Today I Learned (Data Engineering)

데이터 엔지니어링 관련 학습한 내용들을 아래에 기록합니다. ChatGPT를 많이 활용하였으며, 빠른 학습 및 시간 절약을 위해 출력 내용을 한국어로 따로 번역하지 않고 필요한 부분만 수정하여 업로드하고 있습니다.

Parquet

Parquet is an open-source columnar storage file format optimized for use with big data processing frameworks like Apache Hadoop, Apache Spark, and Apache Hive. It is designed to bring efficiency in both storage and performance, especially for analytical queries.

Columnar Storage: Data is stored column-wise, meaning each column’s data is stored together. This allows for efficient data compression and encoding schemes that improve read and write performance.
Efficient Compression: Parquet supports various compression codecs such as Snappy, Gzip, LZO, and Brotli. Columnar storage allows for more effective compression since similar data types are stored together.
Schema Evolution: Parquet files include schema information, allowing for the evolution of data schemas over time without breaking existing data.
Splitting and Parallel Processing: Parquet files can be split into smaller row groups, enabling parallel processing and efficient querying by processing only the required columns.

Parquet File Structure

File Header: Contains metadata about the file format, including the version of Parquet.
Row Groups: The file is divided into row groups, which are large contiguous chunks of rows.
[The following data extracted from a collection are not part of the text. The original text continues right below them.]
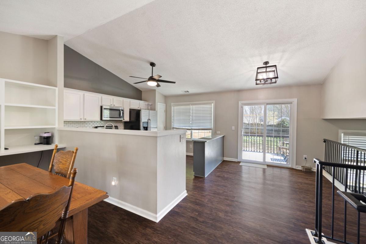 If you have been looking for a great deal in Kennesaw or Acworth, check out everything 217 Creel Chase has to offer! Perfectly located between Kennesaw and Acworth, just seconds off Cobb Pkwy, this location offers quick and convenient access to I-75, express lane access, and Hwy 92. Not only that, it is also just minutes from shopping, dining, and Cobb County and private schools. This three bedroom, two and a half bath home sits on a beautiful lot with fenced in backyard, and some mature tress between you and your neighbor, giving you that breathing room you are looking for. When you come to tour, you will immediately appreciate the covered front porch, just right for a morning coffee or enjoying the fall evenings. Come inside and pay attention the to updates, including vinyl plank flooring, brand new carpet, granite countertops, and updated lighting fixtures. The open floor plan allows for conversation between the kitchen family room, and dining area. There is even a large built-in that could be used for a desk or extra storage. The main level features a family room with fireplace, half bathroom, and even a full laundry room. The upper level boasts a large owner's suite with walk-in closet and a bathroom with walk-in shower and double vanity. The two secondary bedrooms are ample in size while one even features some design accents, sharing a guest bathroom. The two car garage is big enough for that SUV or to hold the equipment for weekend adventures and play. Add on fantastic amenities, including a pool, tennis and pickle ball courts, and full basketball court, and you wont have any reason to leave the neighborhood.
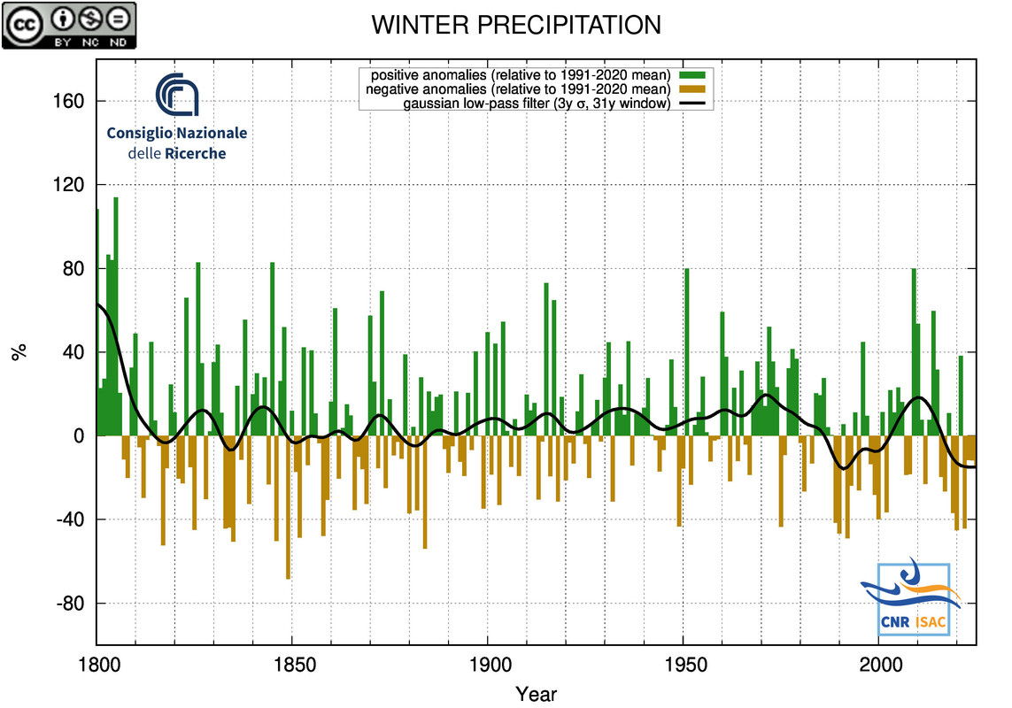 Anomalie alle precipitazioni in Italia in Inverno
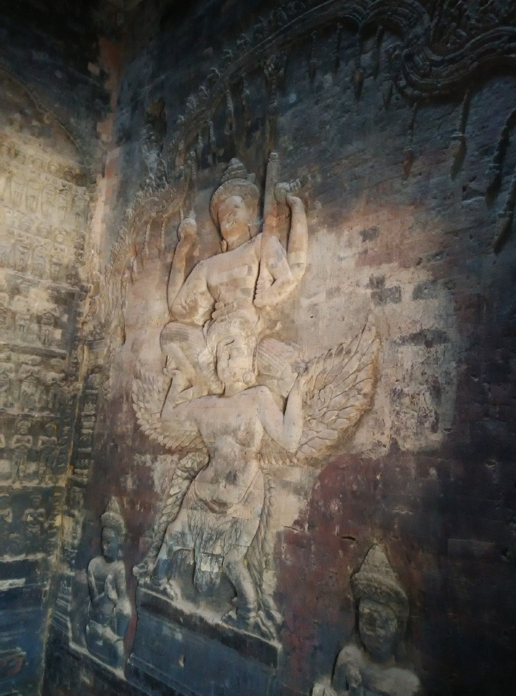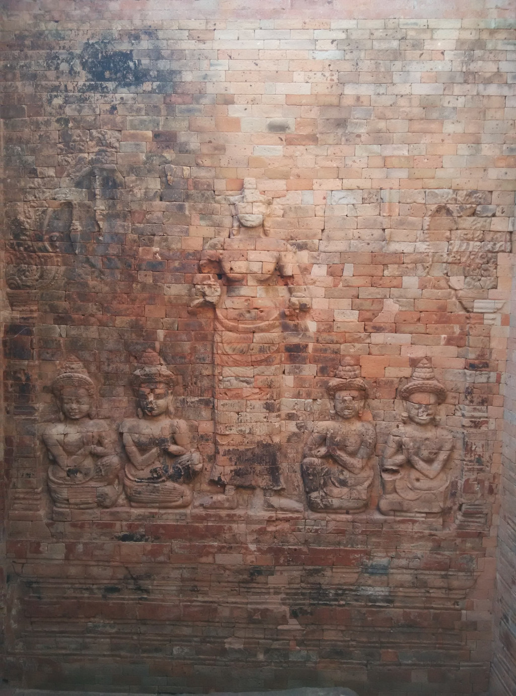 还有一大亮点是特有的红砖浅浮雕。这座印度教寺庙是吴哥窟最小的寺庙之一,却是吴哥窟砖雕的代表。这座寺庙供奉的是毗湿奴大神,在中央尖塔的内部雕刻了以毗湿奴为题材的浮雕,在最北侧的尖塔内部能看到毗湿奴的妻子拉克希米的立像。
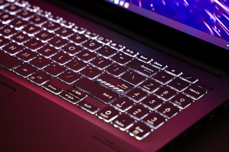这款轻薄本采用了白色背光键盘设计。白色背光支持熄灭以及三档背光强度调节。
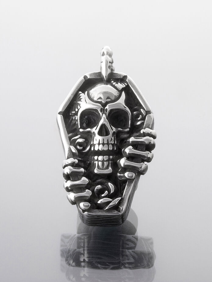 Výrazný masivní přívěsek ve tvaru lebky z leštěné chirurgické oceli.
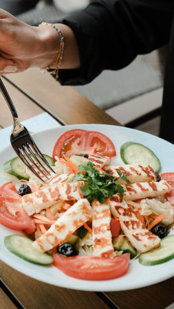 Grilled halloumi cheese salad with tomatoes and olives.

Each row group contains column chunks.
Column Chunks: Each column chunk contains the data for a single column in the row group. Column chunks can be independently compressed and encoded.
Footer: Contains metadata about the schema, row groups, and other necessary information for reading the file.

How Parquet Works

Writing Data: Data is first divided into row groups when writing data to a Parquet file. Within each row group, data is further divided into column chunks. Each column chunk is compressed and encoded, and the metadata is written to the file footer.
Reading Data: When reading data, only the required columns are read, reducing the amount of data scanned. Metadata in the footer helps locate the specific column chunks and decompress them efficiently.

Why Columnar Storage is Fast for Big Data Processing?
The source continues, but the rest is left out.